» Task to carry out: Retrieve every line of the data holding the word "This".

» Study material:
== Segment start ==

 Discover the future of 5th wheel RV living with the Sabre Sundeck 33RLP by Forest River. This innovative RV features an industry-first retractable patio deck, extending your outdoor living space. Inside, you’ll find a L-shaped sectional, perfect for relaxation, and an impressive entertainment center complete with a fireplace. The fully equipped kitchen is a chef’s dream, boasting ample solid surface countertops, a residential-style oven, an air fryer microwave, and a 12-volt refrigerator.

== Segment end ==
== Segment start ==

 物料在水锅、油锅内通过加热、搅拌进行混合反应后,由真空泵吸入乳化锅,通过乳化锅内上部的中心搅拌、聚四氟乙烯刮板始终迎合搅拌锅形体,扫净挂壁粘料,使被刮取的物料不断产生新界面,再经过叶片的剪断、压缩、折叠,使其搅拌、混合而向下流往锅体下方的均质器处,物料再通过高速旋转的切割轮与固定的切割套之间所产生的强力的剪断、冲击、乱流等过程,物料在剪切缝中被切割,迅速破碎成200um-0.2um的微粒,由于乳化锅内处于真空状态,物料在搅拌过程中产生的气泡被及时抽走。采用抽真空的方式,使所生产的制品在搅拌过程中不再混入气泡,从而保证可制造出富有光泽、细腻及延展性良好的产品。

== Segment end ==
== Segment start ==

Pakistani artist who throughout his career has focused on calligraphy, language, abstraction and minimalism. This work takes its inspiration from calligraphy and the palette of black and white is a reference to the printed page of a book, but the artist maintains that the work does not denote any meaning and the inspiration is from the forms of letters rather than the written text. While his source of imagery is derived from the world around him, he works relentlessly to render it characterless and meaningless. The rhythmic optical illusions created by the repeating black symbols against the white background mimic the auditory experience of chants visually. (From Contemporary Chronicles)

== Segment end ==

» Answer for the task:
 Discover the future of 5th wheel RV living with the Sabre Sundeck 33RLP by Forest River. This innovative RV features an industry-first retractable patio deck, extending your outdoor living space. Inside, you’ll find a L-shaped sectional, perfect for relaxation, and an impressive entertainment center complete with a fireplace. The fully equipped kitchen is a chef’s dream, boasting ample solid surface countertops, a residential-style oven, an air fryer microwave, and a 12-volt refrigerator.
Pakistani artist who throughout his career has focused on calligraphy, language, abstraction and minimalism. This work takes its inspiration from calligraphy and the palette of black and white is a reference to the printed page of a book, but the artist maintains that the work does not denote any meaning and the inspiration is from the forms of letters rather than the written text. While his source of imagery is derived from the world around him, he works relentlessly to render it characterless and meaningless. The rhythmic optical illusions created by the repeating black symbols against the white background mimic the auditory experience of chants visually. (From Contemporary Chronicles)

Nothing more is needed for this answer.